The first article in this series introduced the concept, “tyranny of or,” focusing on limitations of traditional item analysis in English language arts. In this follow-up, we delve deeper into modern item analysis informed by the science of reading to improve data-driven instruction and reading achievement.
We explore real-world scenarios where educators encounter challenges interpreting item analysis from standards-based ELA assessments and use these examples to illustrate effective diagnostic approaches. Commentary follows, culminating in a set of guiding principles to optimize use of item analysis data in ELA.
Scenario 2: Identifying Student Errors & Profiling Student Strengths & Weaknesses
Mrs. Profile Pinpoints Intervention
Javier, a multilingual first grader, completes the STAR Phonics assessment, designed to highlight strengths and weaknesses across phonics categories. Upon review, Mrs. Profile notices several students, including Javier, struggle with decoding common vowel teams—a skill aligned with standard RF 2.3. Since these students have mastered simpler CVC words, Mrs. Profile focuses on targeted instruction to address their needs.
To pinpoint the specific vowel teams causing difficulty, Mrs. Profile administers a STAR Phonics Diagnostic for vowel teams. The results suggest Javier needs additional support with the vowel teams “oi” and “aw.” While refining instruction can be challenging, this item analysis gives Mrs. Profile a clear direction on tailoring her approach and enhancing Javier’s reading skills. A few months later, her targeted intervention pays off as Javier shows significant progress.
In this scenario, Mrs. Profile used item analysis from the diagnostic assessment to provide just-right support to close phonics skills gaps and ensure Javier had the decoding skills to access grade level texts. When educators have data profiles pinpointing students’ errors, then they can deliver interventions and assign purposeful practice to prevent students from making the same mistakes (Kern & Hosp, 2018). Vowel teams? Checked off!

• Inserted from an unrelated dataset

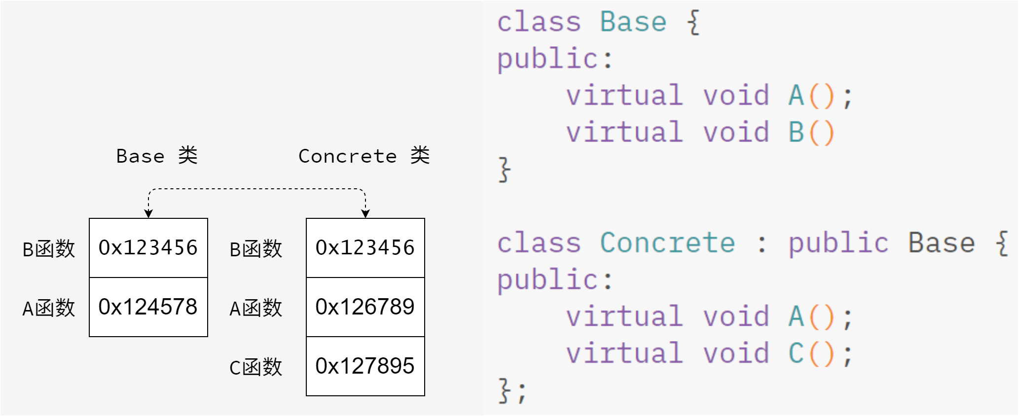 编译器给每个对象添加一个隐藏成员,隐藏成员中保存一个指向函数地址的数组的指针,这种数组就是虚函数表。虚函数表存储为类进行声明的虚函数的地址。如 Base 类,包含一个指针,指向这个虚函数表。派生类也有指向独立地址表的指针,如果派生类提供了虚函数的定义,那么该虚函数表就保存为新的函数的地址,如 A 函数;如果没有定义,就保留基类的虚函数的地址,如 B 函数。

Scenario 3: Identifying Objectives or Standards Not Mastered
Mr. Stan R. Mastered Adjusts Alignment
Mr. Stan R. Mastered, a seventh-grade ELA teacher, reviews state assessment results and notes his students performed below the state average on standard RL 7.3, which involves analyzing interactions between story elements. This low performance is consistent across multiple years. Puzzled, Mr. Mastered investigates a released assessment question expecting it to focus on setting, but instead, the question asks what the contrasting descriptions of two towns reveal about a character’s feelings.
He realizes the question is not about identifying setting; it’s about analyzing how setting impacts the character’s emotions. His classroom activities involve identifying and describing settings—a fourth-grade skill—rather than analyzing how setting influences plot or characters, as required by the seventh-grade standard. To bridge this gap, Mr. Mastered researches strategies to align his instruction better with RL 7.3.

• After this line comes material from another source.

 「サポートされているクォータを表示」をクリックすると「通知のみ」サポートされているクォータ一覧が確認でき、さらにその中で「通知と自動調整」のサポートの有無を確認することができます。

This scenario highlights the importance of using item analysis to identify gaps in standards mastery and ensure curricular alignment with grade-level expectations. Diagnosing misalignment allows teachers to adjust instruction to meet grade-level expectations, ensuring students spend time on appropriate, challenging tasks (Moore, Garst, & Marzano, 2015; TNTP, 2018).
One advantage of this diagnostic approach encourages deep examination of grade-level standards and facilitates cross-grade conversations to support vertical alignment (Moore, Garst, Marzano, 2015) as students often spend over 500 hours per year on assignments that are not grade-appropriate (TNTP, 2018) By refining his approach, Mr. Mastered aims to close curriculum gaps and elevate student performance. Alignment adjusted!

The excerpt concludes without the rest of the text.